Newly inaugurated President Bola Tinubu pledged to remove fuel subsidies, a popular but costly benefit that has drained millions annually from government coffers.
Image: Screengrab from Reuters video

The Nigeria Sovereign Investment Authority (NSIA) expects to receive $100m to $200m this year from the government and the removal of fuel subsidies would boost the amount of cash available, its chief investment officer told a panel in London on Wednesday.

Newly inaugurated President Bola Tinubu pledged to remove fuel subsidies, a popular but costly benefit that has drained millions annually from government coffers.

Kola Owodunni, NSIA's chief investment officer, told a panel at the Sovereign Wealth Fund Institute conference in London that the move would help bolster NSIA finances by allowing more oil revenue to reach the government.

Much of the excess revenue that would have gone to NSIA in recent years went to subsidies, Owodunni said.

“With the removal of subsidies ... we expect to see more money,” he said.

Owodunni said NSIA received roughly $50m last year, after getting virtually nothing in 2021.

Over the past eight years, Nigeria's finances overall were constrained by myriad challenges facing Africa's most populous nation and biggest oil exporter, including some years of low crude prices, high subsidy costs, the Covid-19 pandemic and, recently, oil theft that limited output.

However, Owodunni said they obtained money each year that was earmarked for projects in the presidential infrastructure fund.
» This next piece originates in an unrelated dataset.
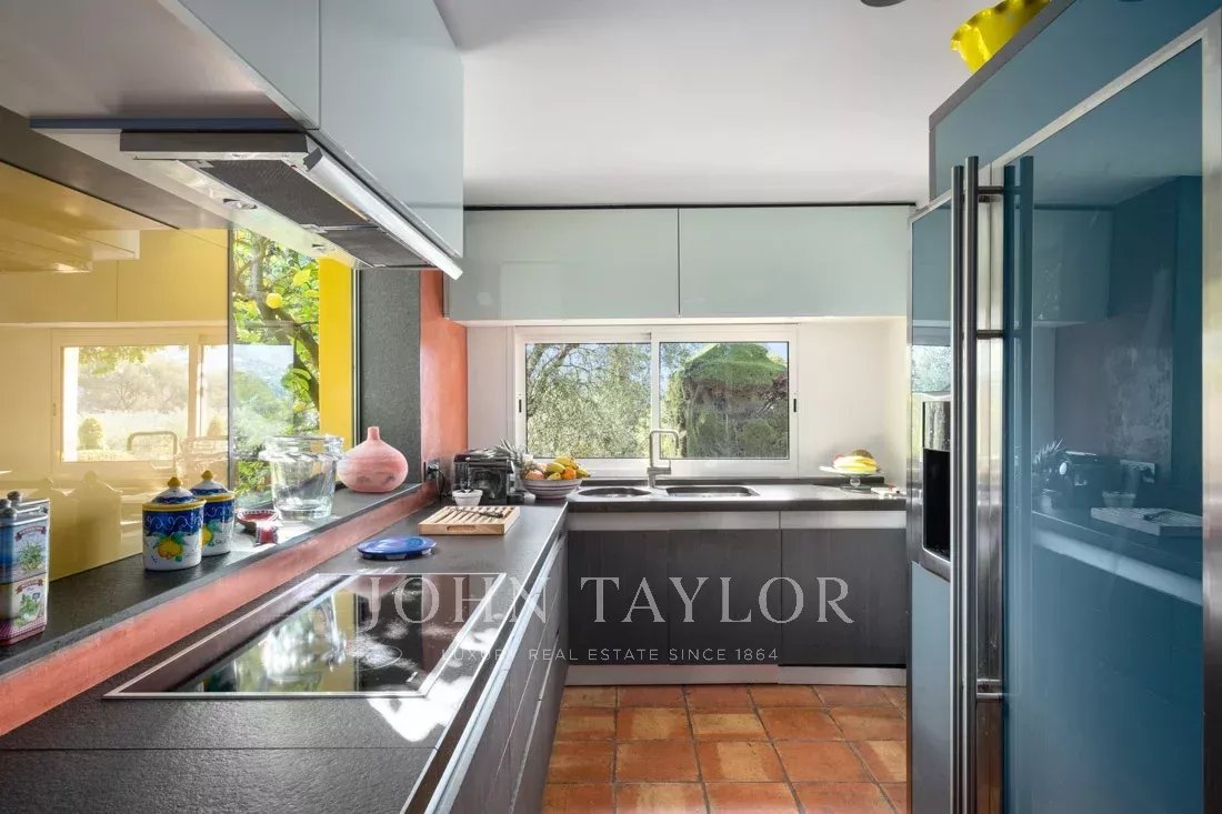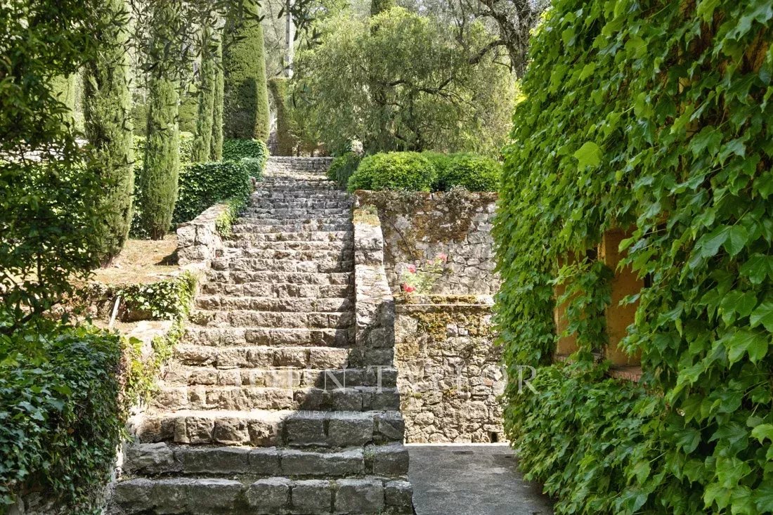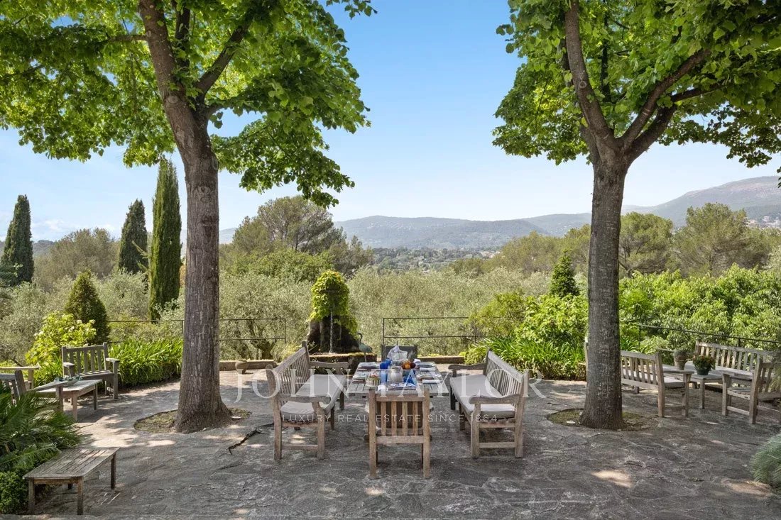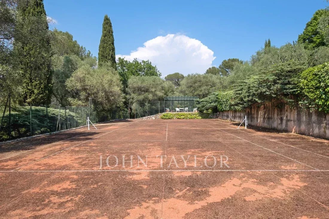 This 1.6-hectare property with its magnificent Mediterranean plants, numerous terraces, water fountains and tennis court offers panoramic views of the surrounding hills and absolute serenity.

He added that Tinubu, perceived as more business-friendly than his socialist-leaning predecessor, would improve the investment environment.

Owodunni said an oil reform law signed by previous president Muhammadu Buhari in 2021 had changed the formula of what the NSIA would receive. It earmarked a certain percentage of money based on the price of oil, rather than the previous, more complicated formula that incorporated prices and production.

The new formula will take effect gradually, Owodunni said, as companies with production-sharing contracts with the government move to the new law as their previous contracts expire. Once all oil contracts are covered by the new law, he said the money coming the NSIA will rise sharply.

“We expect it to grow exponentially in 2024,” Owodunni said.